Caractère exécutoire des actes administratifs des collectivités territorales (délibération du conseil municipal, permis de construire, etc ..)



Beaucoup d’actes décisionnels des collectivités publiques concernent l’environnement et le cadre de vie qu’ils impactent parfois lourdement et définitivement.

Aussi, beaucoup de citoyens se posent souvent la question caractère exécutoire de certains de certains de ces actes.

Voici la réponse à ce sujet du ministère de l’intérieur, de l’outre-mer et des collectivités territoriales à une question écrite (n° 01315)

L’article L. 2131-1 du code général des collectivités territoriales dispose que les actes pris par les autorités communales énumérés à l’article L. 2131-2 du dit code ( *) sont exécutoires de plein droit dès qu’il a été procédé à leur publication ou affichage ou à leur notification aux intéressés ainsi qu’à leur transmission au représentant de l’État dans le département ou à son délégué dans l’arrondissement.

La transmission de ces actes au représentant de l’État est donc une des conditions substantielles de leur caractère exécutoire.

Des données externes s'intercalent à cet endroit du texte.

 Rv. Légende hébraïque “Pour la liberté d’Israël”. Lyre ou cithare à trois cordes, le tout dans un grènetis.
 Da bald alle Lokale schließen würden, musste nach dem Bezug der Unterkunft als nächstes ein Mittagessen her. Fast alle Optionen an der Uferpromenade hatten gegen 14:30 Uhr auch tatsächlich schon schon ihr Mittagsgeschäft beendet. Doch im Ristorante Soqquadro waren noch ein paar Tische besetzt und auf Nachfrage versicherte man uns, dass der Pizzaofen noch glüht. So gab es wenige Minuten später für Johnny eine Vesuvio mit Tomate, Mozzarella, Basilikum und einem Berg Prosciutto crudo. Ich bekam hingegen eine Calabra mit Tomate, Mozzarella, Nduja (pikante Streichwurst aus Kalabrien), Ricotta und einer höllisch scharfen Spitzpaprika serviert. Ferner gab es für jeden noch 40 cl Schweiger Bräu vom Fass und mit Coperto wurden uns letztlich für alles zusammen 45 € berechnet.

Dans sa décision du 25 février 1982 relative à la loi de décentralisation du 2 mars 1982, le Conseil constitutionnel a notamment jugé que les actes soumis au contrôle a posteriori du représentant de l’État ne pouvaient être exécutoires avant leur transmission à cette autorité. En effet, faute de « connaître la teneur » de ces actes, « le représentant de l’État n’est donc pas en mesure de saisir la juridiction administrative d’un recours ».

Si l’abstention du maire résultait d’un refus délibéré, ce dernier violerait donc une disposition constitutionnelle en faisant échec à l’application de l’article 72 de la Constitution. Il n’est pas exclu, dès lors, que les dispositions de l’article L. 2122-16 du CGCT, voire celles de l’article 432-1 du code pénal lui seraient applicables.

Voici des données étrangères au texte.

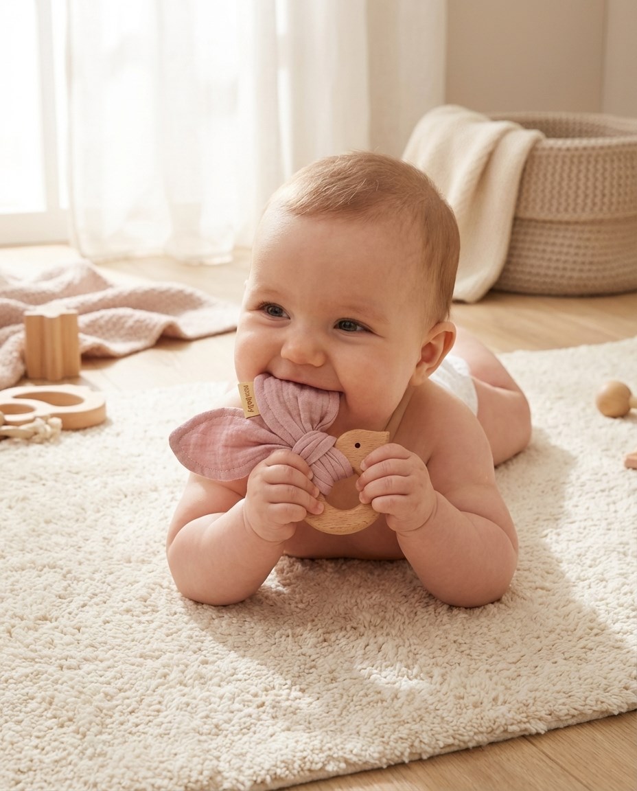 A muszlinpelenkás rágóka ideális készlet, ha a baba fogzik. A rágóka középpontbarát bükkfából és puha muszlinszövetből készült. Teljesen biztonságos a babák számára, nyugtató megkönnyebbülést hoz a fogzás alatt. A rágóka játékként is használható a babák számára. A rágóka tökéletesen illeszkedik a többi muszlin termékünkhöz, így egy gyönyörű készletet alkot, amelyet babaköszöntőre ajándékozhat.

Le premier de ces textes dispose notamment que le maire et les adjoints, après avoir été entendus ou invités à fournir des explications écrites sur les faits qui leur sont reprochés, peuvent être suspendus par arrêté ministériel motivé pour une durée qui n’excède pas un mois. Ils peuvent être révoqués par décret motivé pris en conseil des ministres.

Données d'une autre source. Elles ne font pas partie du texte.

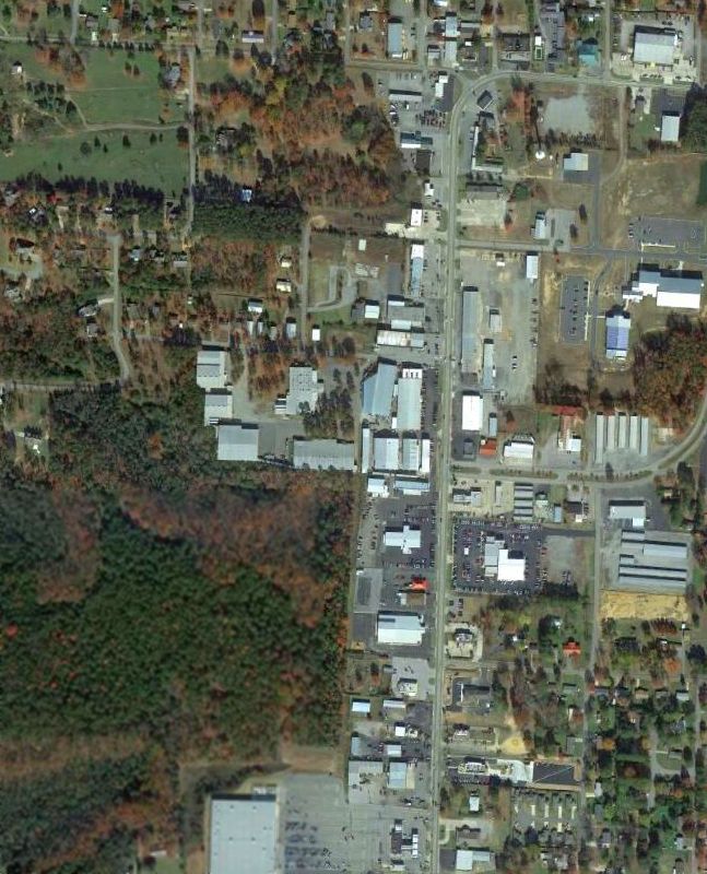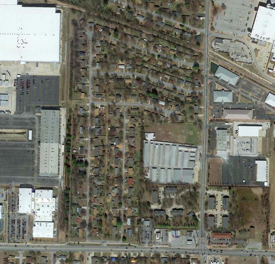 The large warehouse complex bordering the west side of the site is presumably part of the Wal-Mart facilities in Bentonville.

En outre, selon les dispositions de l’article 432-1 du code pénal, le refus du maire de transmettre une délibération au représentant de l’État peut être constitutif d’un délit. Ce texte dispose en effet que : « Le fait, par une personne dépositaire de l’autorité publique, agissant dans l’exercice de ses fonctions, de prendre des mesures destinées à faire échec à l’exécution de la loi est puni de cinq ans d’emprisonnement et de 75 000 euros d’amende.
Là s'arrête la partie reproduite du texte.